Listed entries below:
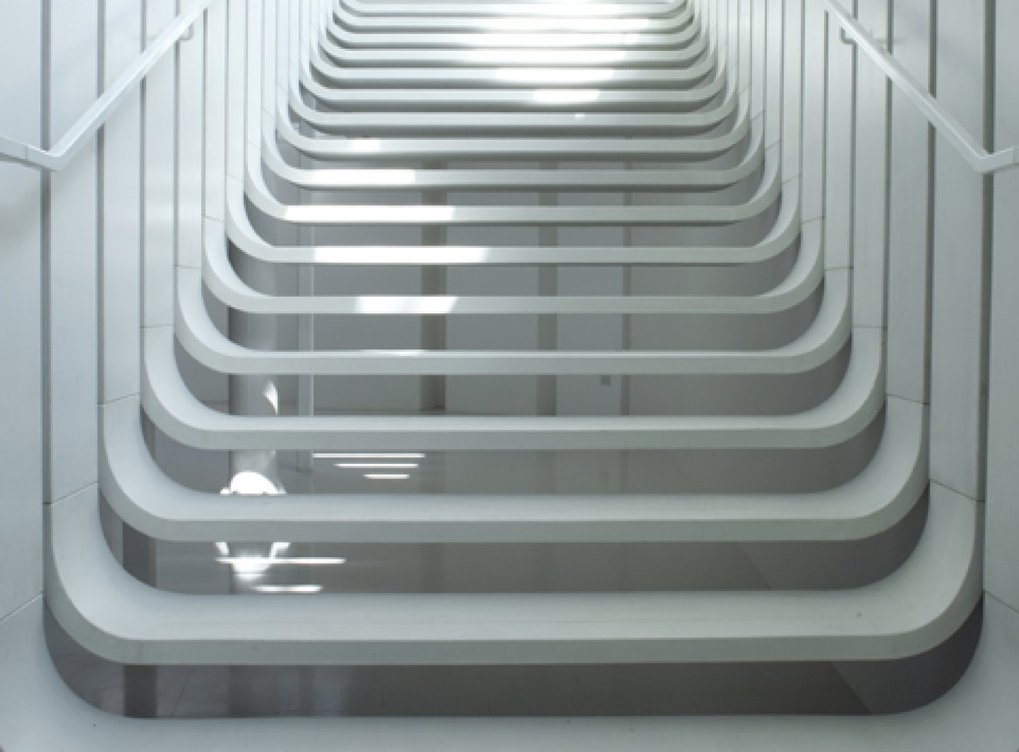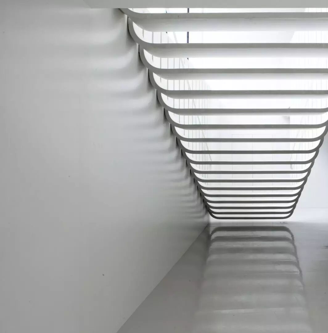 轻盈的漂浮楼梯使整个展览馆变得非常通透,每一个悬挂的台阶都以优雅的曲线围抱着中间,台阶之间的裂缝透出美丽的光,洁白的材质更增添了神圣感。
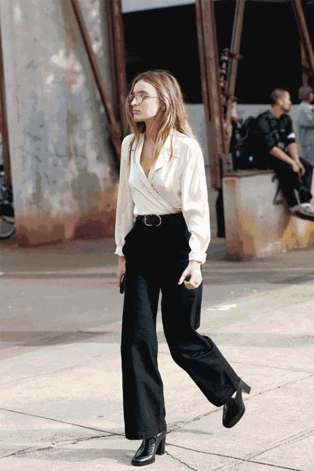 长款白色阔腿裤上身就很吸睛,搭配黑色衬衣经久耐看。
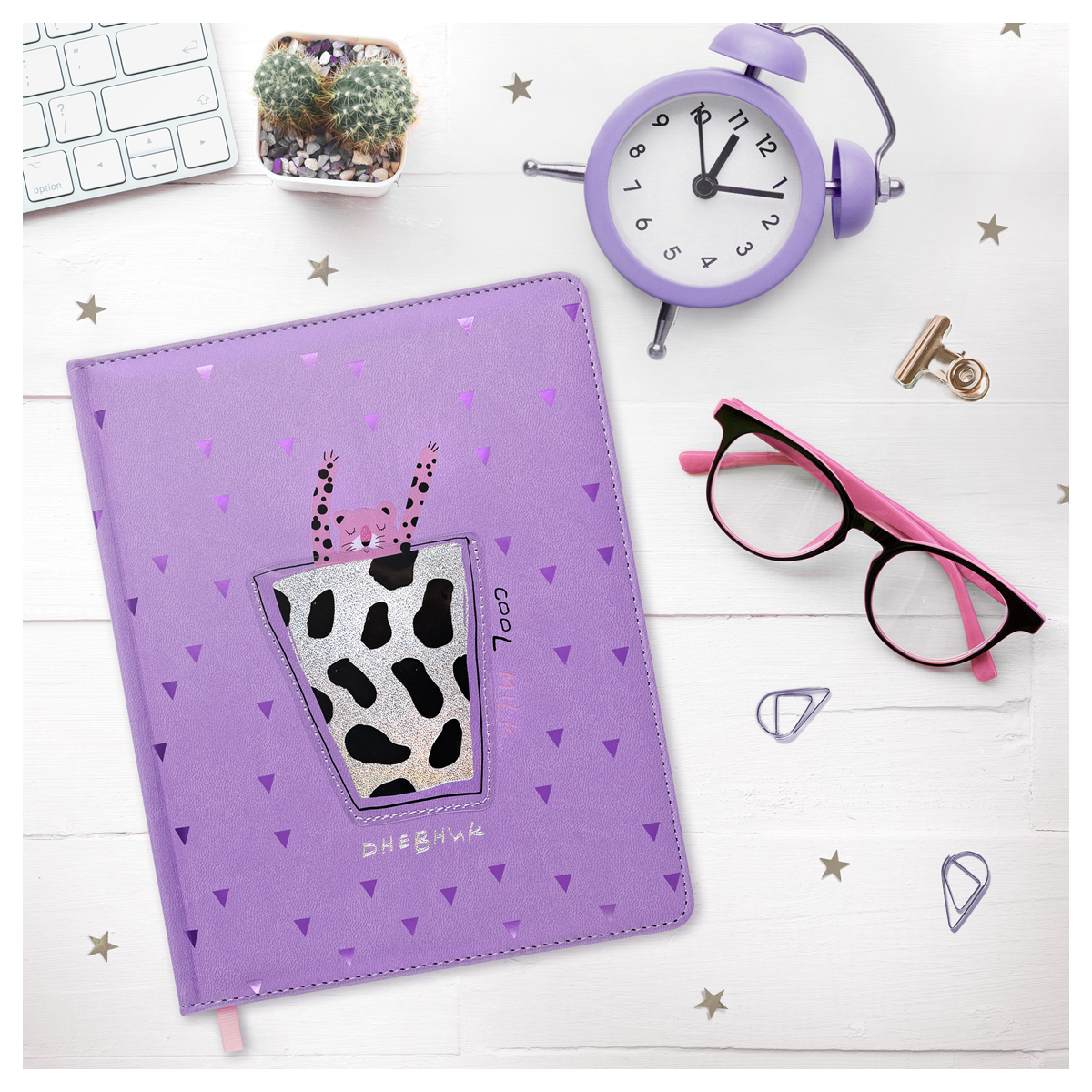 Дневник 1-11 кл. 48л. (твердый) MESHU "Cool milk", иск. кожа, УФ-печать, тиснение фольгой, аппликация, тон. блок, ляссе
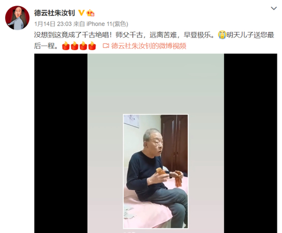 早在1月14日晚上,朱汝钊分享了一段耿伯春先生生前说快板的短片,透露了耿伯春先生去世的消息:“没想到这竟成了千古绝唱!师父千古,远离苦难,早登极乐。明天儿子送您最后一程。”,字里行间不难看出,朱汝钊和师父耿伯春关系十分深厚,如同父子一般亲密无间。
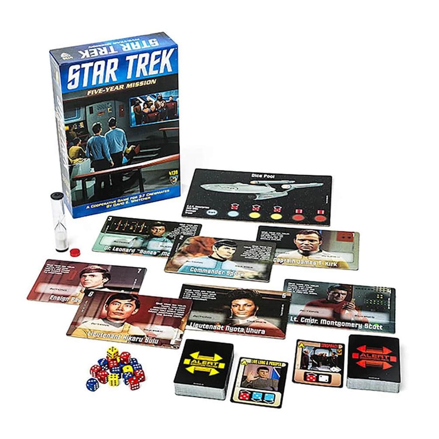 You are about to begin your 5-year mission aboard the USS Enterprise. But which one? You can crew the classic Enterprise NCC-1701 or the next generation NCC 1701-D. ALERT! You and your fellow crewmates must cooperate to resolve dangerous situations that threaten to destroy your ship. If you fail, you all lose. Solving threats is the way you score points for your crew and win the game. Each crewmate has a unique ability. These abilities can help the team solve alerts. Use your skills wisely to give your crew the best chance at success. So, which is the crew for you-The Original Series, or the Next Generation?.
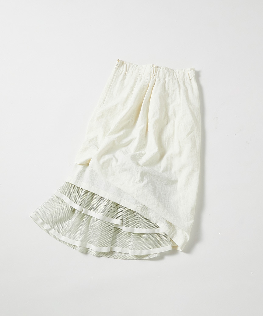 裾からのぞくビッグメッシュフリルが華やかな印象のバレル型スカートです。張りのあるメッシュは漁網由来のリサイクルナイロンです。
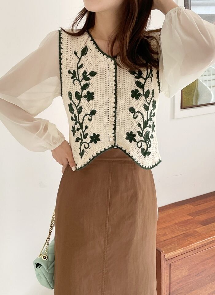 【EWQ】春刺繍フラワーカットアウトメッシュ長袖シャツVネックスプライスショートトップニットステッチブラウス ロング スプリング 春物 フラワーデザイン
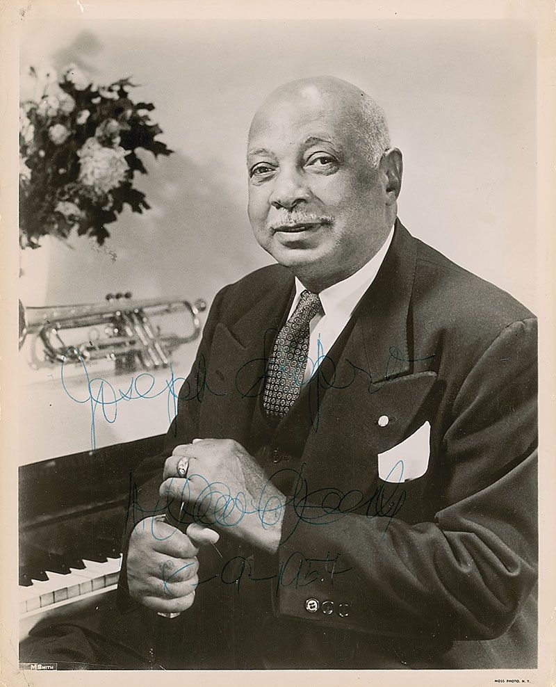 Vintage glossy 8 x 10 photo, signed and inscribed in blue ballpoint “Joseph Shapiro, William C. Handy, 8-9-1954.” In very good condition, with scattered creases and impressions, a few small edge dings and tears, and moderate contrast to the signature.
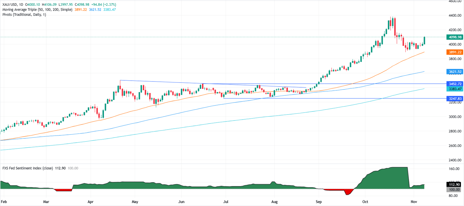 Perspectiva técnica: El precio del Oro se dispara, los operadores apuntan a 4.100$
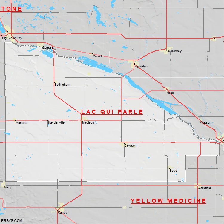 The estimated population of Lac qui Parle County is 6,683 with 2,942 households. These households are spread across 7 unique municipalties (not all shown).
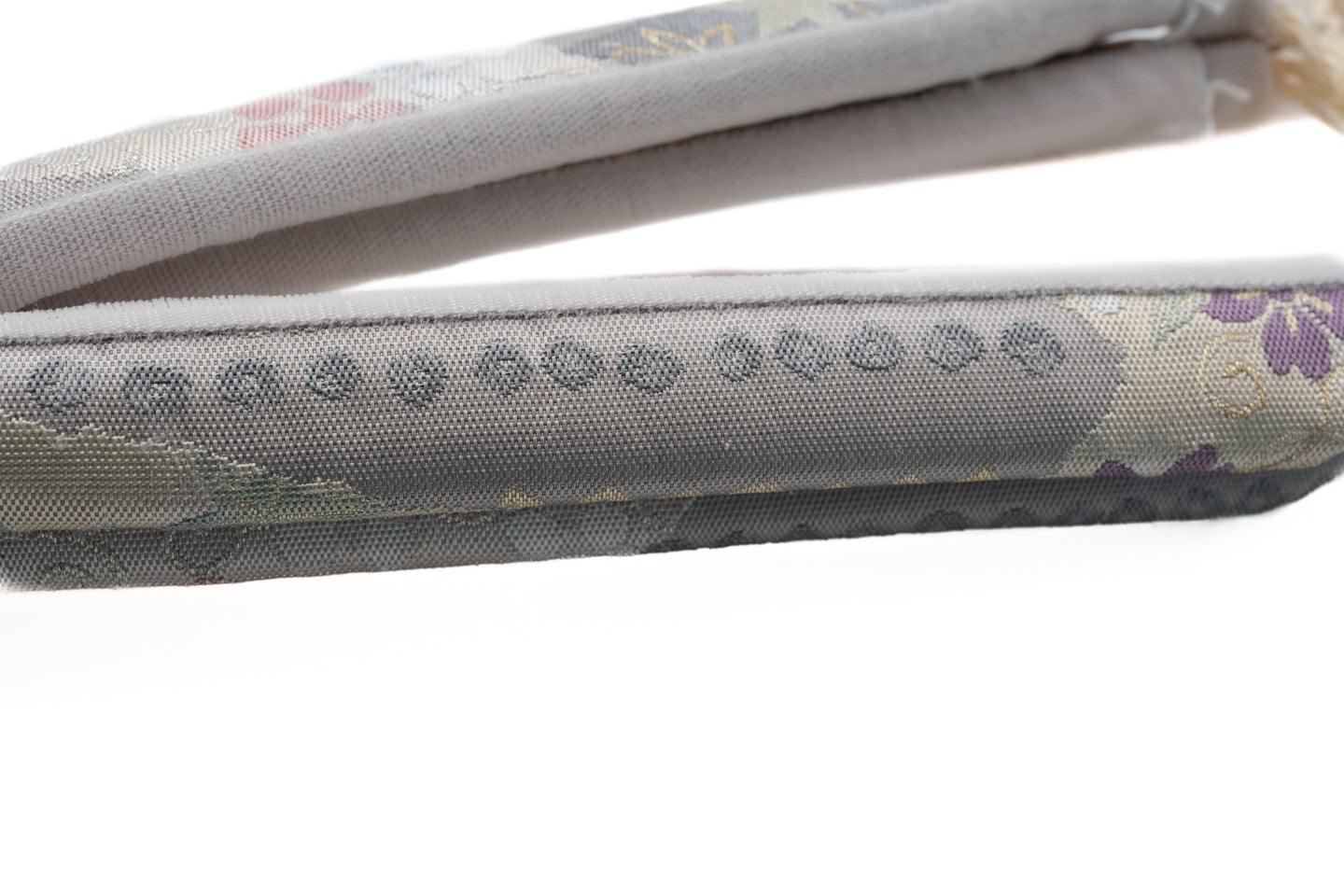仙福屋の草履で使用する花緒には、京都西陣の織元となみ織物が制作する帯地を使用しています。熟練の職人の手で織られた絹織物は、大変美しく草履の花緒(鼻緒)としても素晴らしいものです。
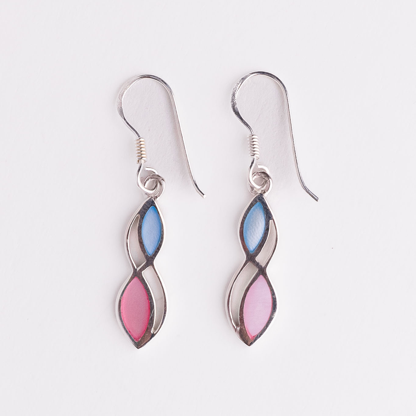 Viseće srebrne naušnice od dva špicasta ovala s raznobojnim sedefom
End of Listed entries.
Would you copy the lines from the one holding "You are about" down to the last line of the material, both included, exactly and with nothing added, skipping the pictures?

 You are about to begin your 5-year mission aboard the USS Enterprise. But which one? You can crew the classic Enterprise NCC-1701 or the next generation NCC 1701-D. ALERT! You and your fellow crewmates must cooperate to resolve dangerous situations that threaten to destroy your ship. If you fail, you all lose. Solving threats is the way you score points for your crew and win the game. Each crewmate has a unique ability. These abilities can help the team solve alerts. Use your skills wisely to give your crew the best chance at success. So, which is the crew for you-The Original Series, or the Next Generation?.
 裾からのぞくビッグメッシュフリルが華やかな印象のバレル型スカートです。張りのあるメッシュは漁網由来のリサイクルナイロンです。
 【EWQ】春刺繍フラワーカットアウトメッシュ長袖シャツVネックスプライスショートトップニットステッチブラウス ロング スプリング 春物 フラワーデザイン
 Vintage glossy 8 x 10 photo, signed and inscribed in blue ballpoint “Joseph Shapiro, William C. Handy, 8-9-1954.” In very good condition, with scattered creases and impressions, a few small edge dings and tears, and moderate contrast to the signature.
 Perspectiva técnica: El precio del Oro se dispara, los operadores apuntan a 4.100$
 The estimated population of Lac qui Parle County is 6,683 with 2,942 households. These households are spread across 7 unique municipalties (not all shown).
仙福屋の草履で使用する花緒には、京都西陣の織元となみ織物が制作する帯地を使用しています。熟練の職人の手で織られた絹織物は、大変美しく草履の花緒(鼻緒)としても素晴らしいものです。
 Viseće srebrne naušnice od dva špicasta ovala s raznobojnim sedefom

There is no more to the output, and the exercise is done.